May 23, 2010

making (local) literature

Last week, I attended a book launch for a new novel that I had a hand in producing. With the production of Dora Dueck's new novel, This Hidden Thing, I was able to put some of my book history theory into practice, as I attempted to match the book's interior/exterior design to the aesthetic sensibility of its audience: an audience whose taste in literary books has been shaped and informed by other literary books. In other words, I had the task of making this book look like a legitimate novel; and with a novel this good --a novel that deserves a wide readership-- I hardly needed any extra motivation. (To learn more about the novel, click here for the news release.)

I should say, first of all, that I'm very pleased with how the book looks and feels. At the launch, someone asked me what font I'd used. Before I even finished saying "Times New Roman" we were both laughing sheepishly. It's a choice that seems too obvious. But it was a decision that was quite carefully thought out. The choice of font was even more significant for me this time around because, during the early stages of this book's production, my studies at U of M had focused on the relationship between aesthetic decisions in book production and the corresponding ideological context. Although I dealt with the relationship through the work of an early modern Venetian printer named Aldus Manutius (in an appeal to his humanist patrons, he was one of the first to use the italic typeface and the first to publish the classics (Virgil, Ovid, etc.) in a pocket-sized (octavo) format), the basic point of correlation is still very useful, especially in book production.

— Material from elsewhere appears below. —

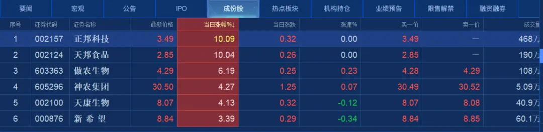 截至早间收盘,板块表现亮眼,个股普涨:天邦食品率先封板,大禹生物、正邦科技等多只个股走高,巨星农牧、大禹生物等涨幅超 4%,牧原股份等龙头同步跟涨。

It's been said that the cover of a book is the best advertisement you can make at the level of its production. I mostly agree with this, but, looking at trends in the history of book production, one soon notices that interior design (font, layout, paper, etc.) is also means something to a book's readers (and whether it conveys something "good" or not is often dependent on its continuity with the tradition of literary book production); it is also, in this sense, an advertisement.